Distribute chicken pieces among four plates. Pour the gravy into a gravy boat and serve on the side.
To tenderize the chicken before frying you can do either, soaking the chicken pieces in milk or cooking them in boiling water.
Soaking - Place chicken in a bowl, pour on 2 cups milk and leave to soak for 6-8 hours, or overnight, in the fridge. Add 1 tsp whole black peppercorns to the milk for flavor, if you wish. Drain chicken pieces and discard the milk.
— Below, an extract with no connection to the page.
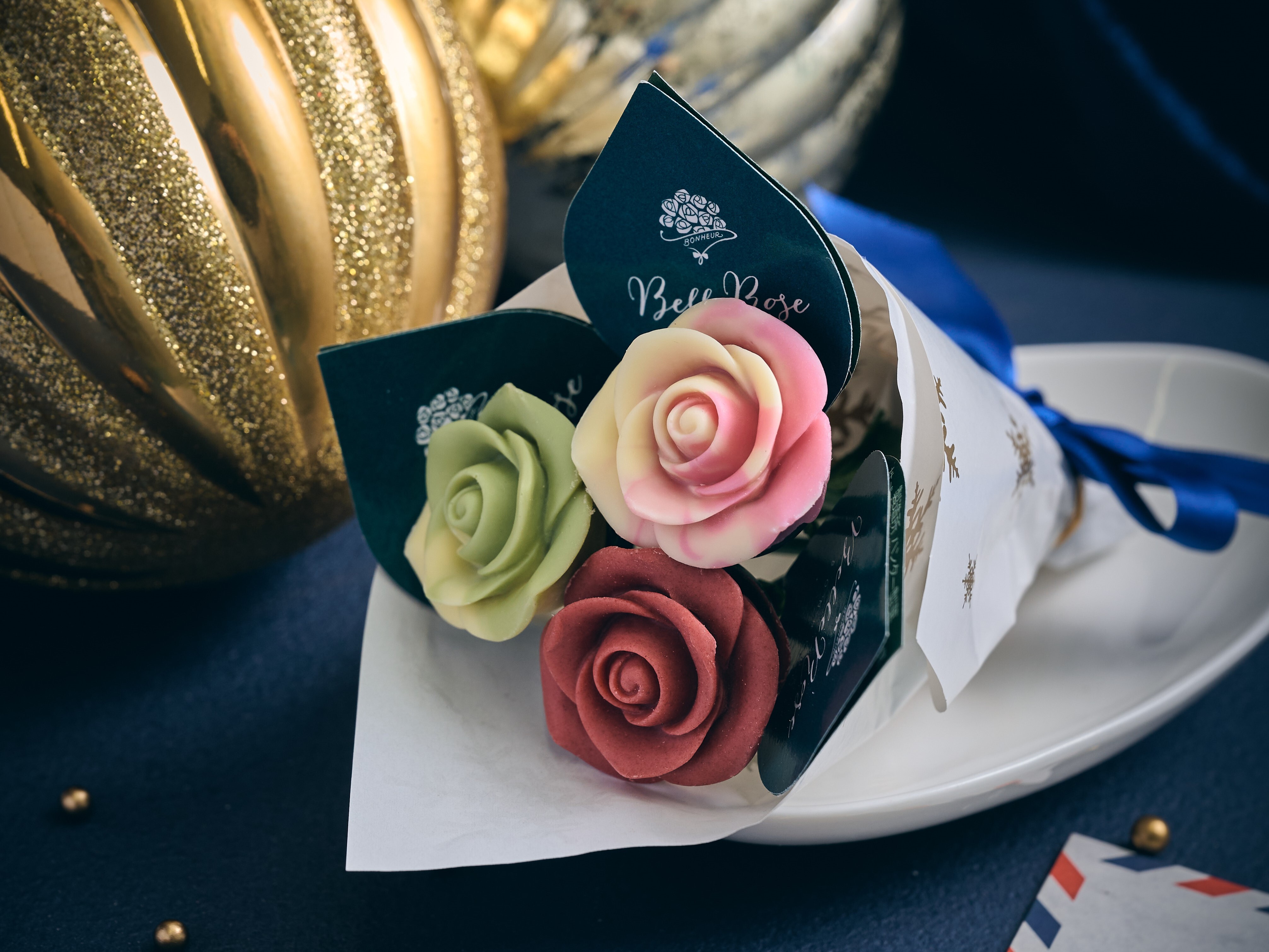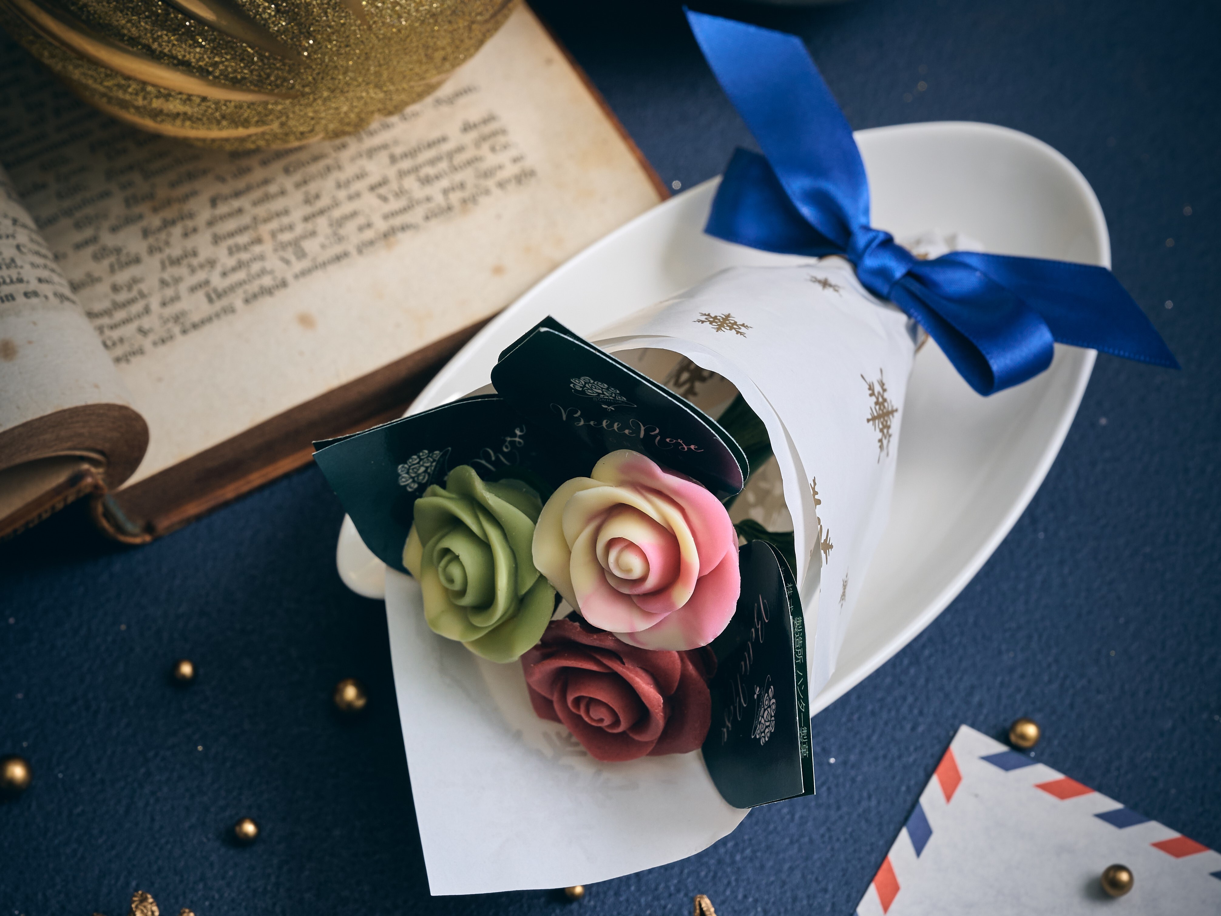 瑞々しい甘さのイチゴ、甘酸っぱくジューシーなピーチマーブル、リッチで上質な甘さのピスタチオマーブル。それぞれの個性豊かな味わいを楽しめる薔薇のショコラブーケです。清潔感のある白い包装紙に鮮やかなブルーのリボンをかけ、冬季限定でご用意しました。3本のブーケはBOX入りで、気軽に持ち運べるため、ホリデーシーズンの贈り物にぴったりです。

Simmering - Or for a more Kentucky style fried chicken, place the chicken pieces in a kettle of boiling water and simmer for 20-25 minutes. Let the chicken cool down before coating. Don't discard the liquid, add some vegetables and it will make a wonderful chicken broth.
Season the flour with your favorite blend of herbs and spices and create your own recipe for fried chicken southern style.
Use a fork to see if chicken is tender and done - juices should run clear, not pink.